Japanese motor manufacturer Honda’s first advanced hydrogen fuel-cell-powered vehicle has come off-line at the company’s dedicated fuel-cell vehicle manufacturing facility in this country.
It took 19 years to develop the four- seater FCX Clarity, which runs on electricity produced by combining hydrogen with oxygen, and emits only water vapour from its exhaust pipe.
The FCX Clarity was designed from scratch as a dedicated fuel-cell vehicle.
It is powered by a compact Honda V Flow fuel-cell stack.
Honda says the car boasts a “low-slung, dynamic and sophisticated appearance, made possible by the innovative layout of the fuel-cell power plant”.
Lease sales are scheduled to begin in the US this month, and later this year in Japan.
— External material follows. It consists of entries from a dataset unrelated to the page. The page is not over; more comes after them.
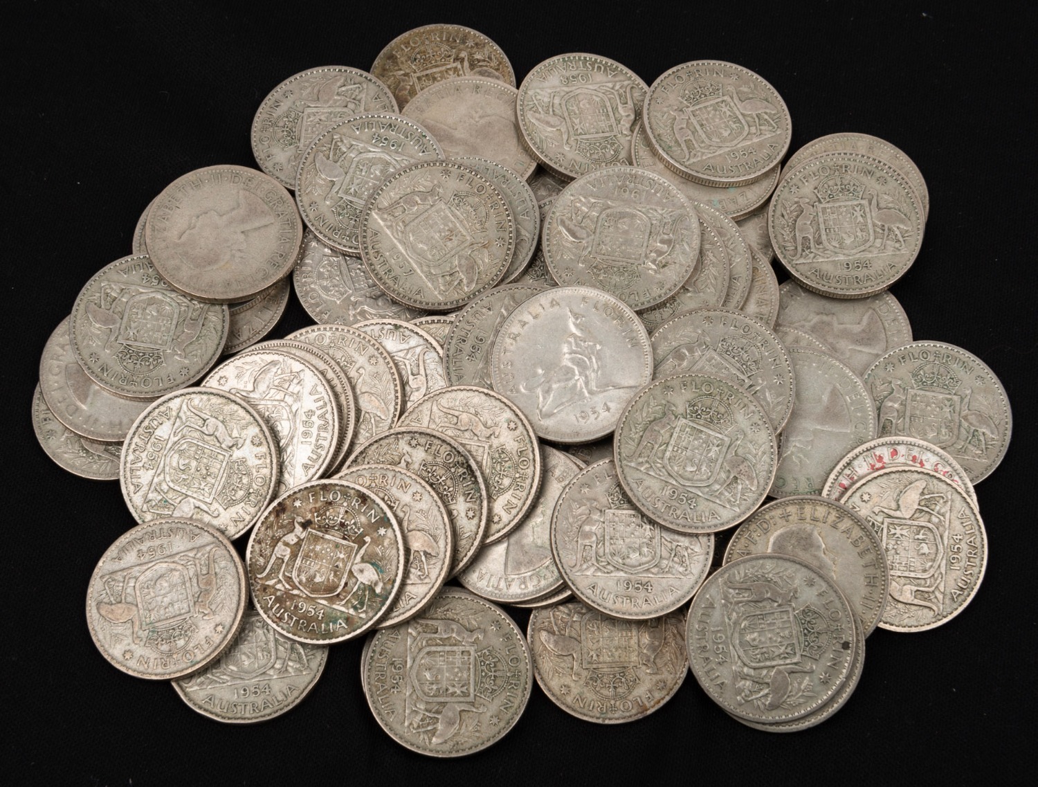 FLORINS: 1947 (31), 1952 (21), 1953 (17) and 1954 (14); mixed condition. (Total: 83). (Image 1)
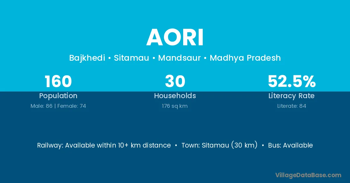 Sitamau (30 km) is the nearest town to Aori village for major economic activities and is located approximately 30 km away.
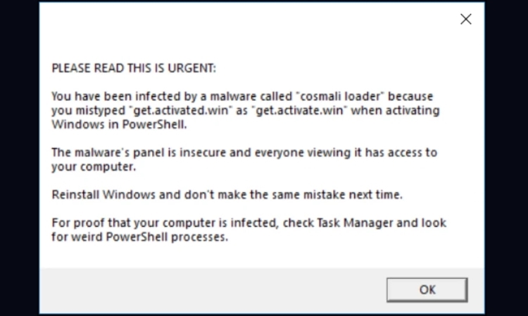 사용자들이 파워쉘 창에 명령어를 입력할 때 발생하는 사소한 오타를 노려 ‘코스말리 로더’(Cosmali Loader)라는 악성 스크립트를 배포한 것이다.
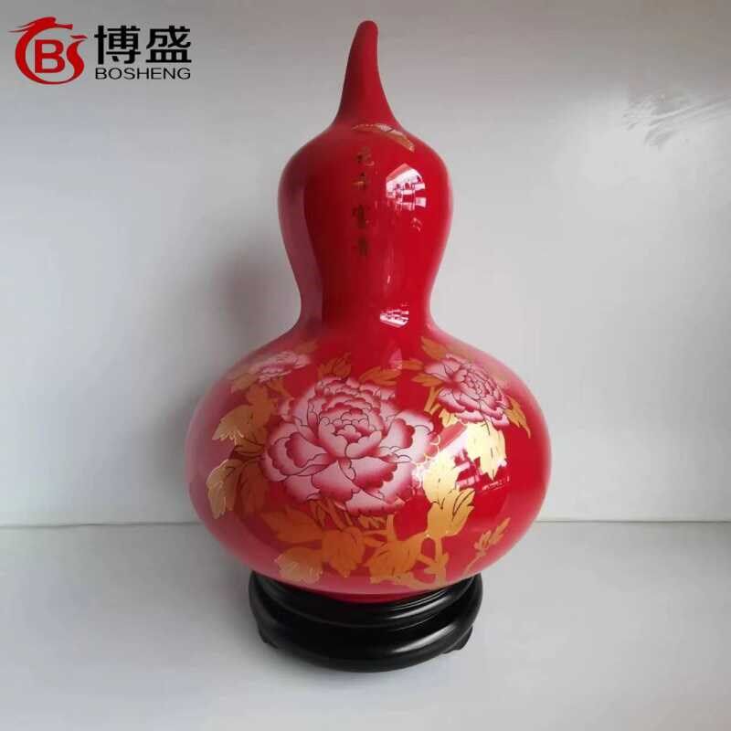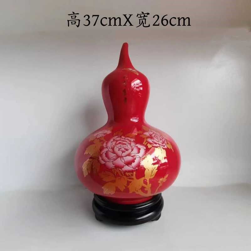 红色陶瓷花瓶摆件家居饰品客厅电视柜酒柜乔迁开业招财葫芦工艺品
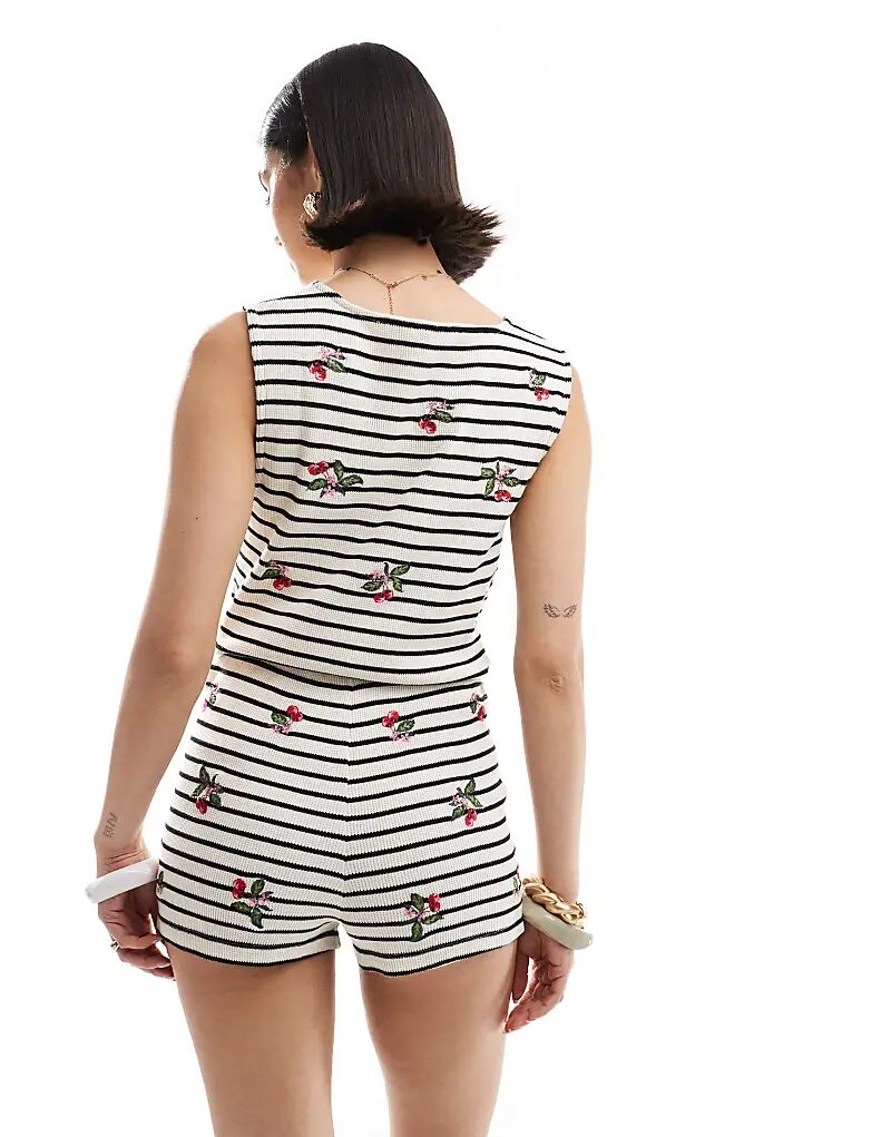 Полосатые шорты ASOS DESIGN с вышивкой вишни

The combined sales plan for Japan and the US is expected at a few dozen units within a year, and about 200 units within three years.
US actress Jamie Lee Curtis will be among the first to take delivery of the vehicle.
The BBC reports that one of the biggest obstacles standing in the way of wider adoption of fuel-cell vehicles is the lack of hydrogen fuelling stations.
It also notes – in an ironic twist – that hydrogen is costly to produce and that the most common way to produce hydrogen is still from fossil fuels.
The FCX Clarity made its world debut at the Los Angeles International Auto Show in November last year.